Downloading data

Sometimes it is desirable to download data from the H2O cluster. For example, when computing model predictions, it might be desirable to save these predictions for later.

Download to local memory

H2O has functions like as_data_frame and get_frame_data in Python and as.data.frame in R that that allow you to download the data directly into the client program memory.
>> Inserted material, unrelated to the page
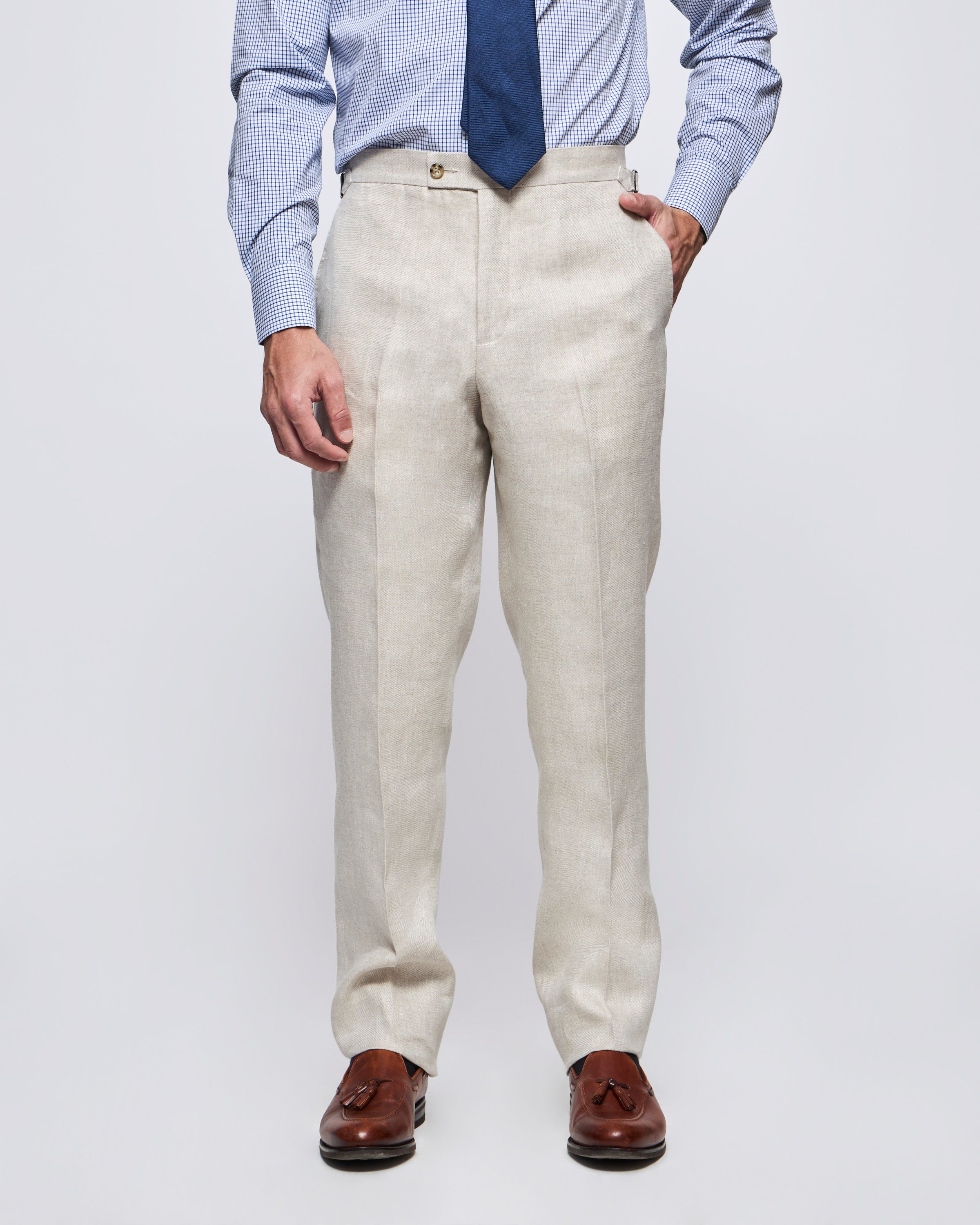 Es tiempo de Renovar los Calces y traer los Clásicos de vuelta. Nuestro clásico Pantalón de Lino en un Modelo Actualizado versión sin Pinzas, sin pasadores y con ajustadores a los costados que le dan un look mas limpio y formal. Tiene un fit recto un poco mas amplio en la Cadera y angosto en la rodilla y bota. Un Calce actual Inspirado en Modelos Clásicos.

Note: For very large data this might not be feasible since the whole frame is downloaded as CSV into the client program memory.

library(h2o)
h2o.init()
iris.hex <- h2o.importFile("http://h2o-public-test-data.s3.amazonaws.com/smalldata/iris/iris_wheader.csv")
iris.df <- as.data.frame(iris.hex)
import h2o
h2o.init()
iris_hex = h2o.import_file("http://h2o-public-test-data.s3.amazonaws.com/smalldata/iris/iris_wheader.csv")
iris_csv_string = iris_hex.get_frame_data()
iris_pd = iris_hex.as_data_frame(use_pandas=True)

Save to a file system

The export file function can be used to save the data to an arbitrary location. The location has to be one that the server has access to, so either the server filesystem or a distributed filesystem like HDFS or S3. This function can save the data in either CSV format (default) or Parquet format.

library(h2o)
h2o.init()
iris.hex <- h2o.importFile("http://h2o-public-test-data.s3.amazonaws.com/smalldata/iris/iris_wheader.csv")
h2o.exportFile(iris.hex, path = "hdfs://path/in/hdfs/iris.csv")

# To save as a parquet:
path <- "file:///tmp/prostate.parquet"
h2o.exportFile(iris.hex, path, format="parquet")
import h2o
h2o.init()
iris_hex = h2o.import_file("http://h2o-public-test-data.s3.amazonaws.com/smalldata/iris/iris_wheader.csv")
h2o.export_file(iris_hex, path = "/tmp/pred.csv", force = True)

# To save as a parquet:
path = "file:///tmp/iris.parquet"
h2o.export_file(iris_hex, path, format="parquet")

Save as a Hive table

When running on Hadoop, H2O can also export data into Hive tables. In order to do so, the user running the H2O cluster must have the privileges to create new Hive tables. The user can specify the table name and storage format (currently supported are csv and parquet) as well as table location for external tables.

library(h2o)
h2o.init()
iris.hex <- h2o.importFile("http://h2o-public-test-data.s3.amazonaws.com/smalldata/iris/iris_wheader.csv")
h2o.save_to_hive(iris.hex, jdbc_url = "jdbc:hive2://hive-server:10000/default", table_name = "airlines")
        import h2o
        h2o.init()
        iris_hex = h2o.import_file("http://h2o-public-test-data.s3.amazonaws.com/smalldata/iris/iris_wheader.csv")
        iris_hex.save_to_hive(
                jdbc_url = "jdbc:hive2://hive-server:10000/default",
                table_name = "airlines",
                format = "parquet",
                table_path = "/user/bob/tables/iris"
)

Note: Provided JDBC URL must include necessary authentication details, for example when running on a kerberized Hadoop cluster some form of auth parameter must be used in the URL.